Rollback or resolve?
Alphonso David, president and CEO of the Global Black Economic Forum and one of the lead lawyers that represented Fearless Fund in its lawsuit, said Trump’s executive orders are intended to have a chilling effect on companies by dangling the threat of a Justice Department investigation.
It’s unclear how major companies in Atlanta are moving forward after the directives. Coca-Cola declined to comment. Delta Air Lines, UPS and Home Depot did not immediately respond to requests for comment.
Joelle Emerson, co-founder and CEO of diversity and inclusion consulting firm Paradigm, said she thinks the language in the executive orders should not have any substantial impact on private companies’ efforts.
But while some of her clients are not making any changes to their initiatives, others are “evolving their language away from ‘DEI’, and many are embedding best practices into key processes as opposed to having a separate ‘DEI’ function,” she said.
Some entrepreneurs have been galvanized by the pullback in DEI support. Khadijah Robinson, an Atlanta-based founder and general partner of venture capital firm Fictive Ventures, began raising $5 million for Fictive with the explicit focus of raising money from Black investors to fund Black-led companies. She is continuing that work, particularly because of the pullback in funding in the wake of challenges to DEI.
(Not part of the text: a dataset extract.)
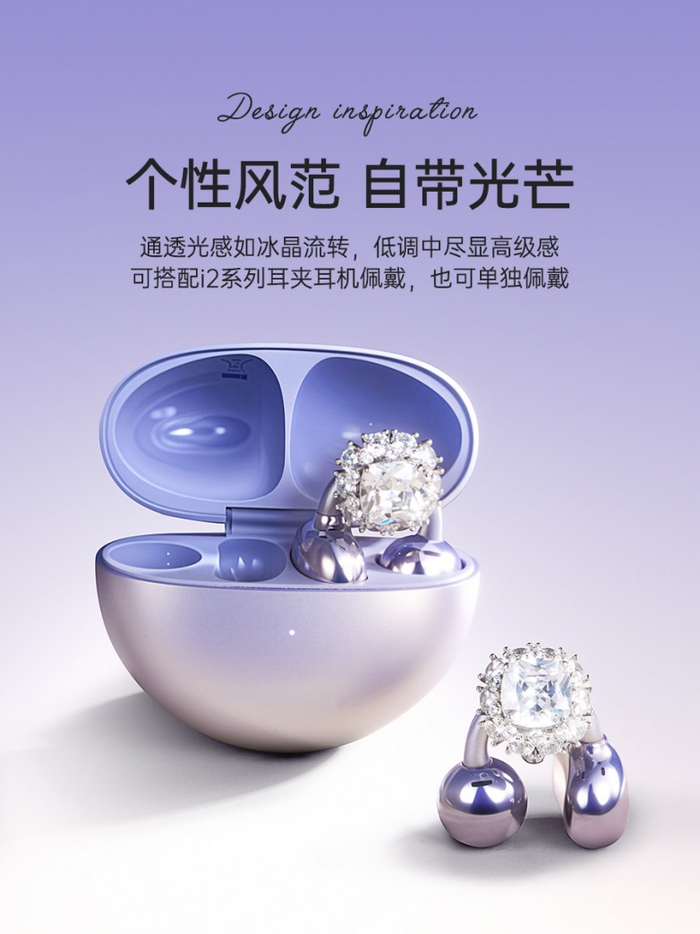 i2 采用珠宝级耳饰设计,耳挂直径较其他耳夹耳机产品细 10%,重量减轻 20%,搭配暖星云、星空黑、流光紫三款潮流配色,时尚感不输国际时尚大牌。其独创的270° 钛金丝耳挂结构,通过黄金弧度贴耳设计,将耳廓压力降至0.28N/cm²(较 i20 降低 40%),稳固度提升98%,真正实现 “戴上即隐形”。电商平台实测显示,i2 连续佩戴 8 小时无胀痛感,舒适度超大部分。

Robinson said people “who were never truly committed” but instituted DEI just because it was popular are being deterred.
“Then there are the people who are ready to fight, and I would say I am one of those people in that last group,” she said.
Others may be taking the fight against Trump’s DEI actions to the courtroom.
David from the Global Black Economic Forum noted executive orders can be challenged in the courts, pointing to Thursday’s ruling by a federal judge that temporarily blocked Trump’s order attempting to end the constitutional guarantee of birthright citizenship.
“We have the civil rights laws on the books which expressly prohibit discrimination on the basis of race and sex and disability, and companies have to comply with those laws,” David said.
“The Trump administration may not like diversity, equity and inclusion programs. They may seek to mischaracterize what those programs are and what they do, but the reality is, simply saying that diversity, equity and inclusion programs are illegal doesn’t make it so,” he added.
Morial from the National Urban League said the DEI orders “are going to be challenged in court. I can promise you that.” When asked if the National Urban League would be joining a potential legal challenge, he said, “We’re weighing all of our options right now. Stand by.”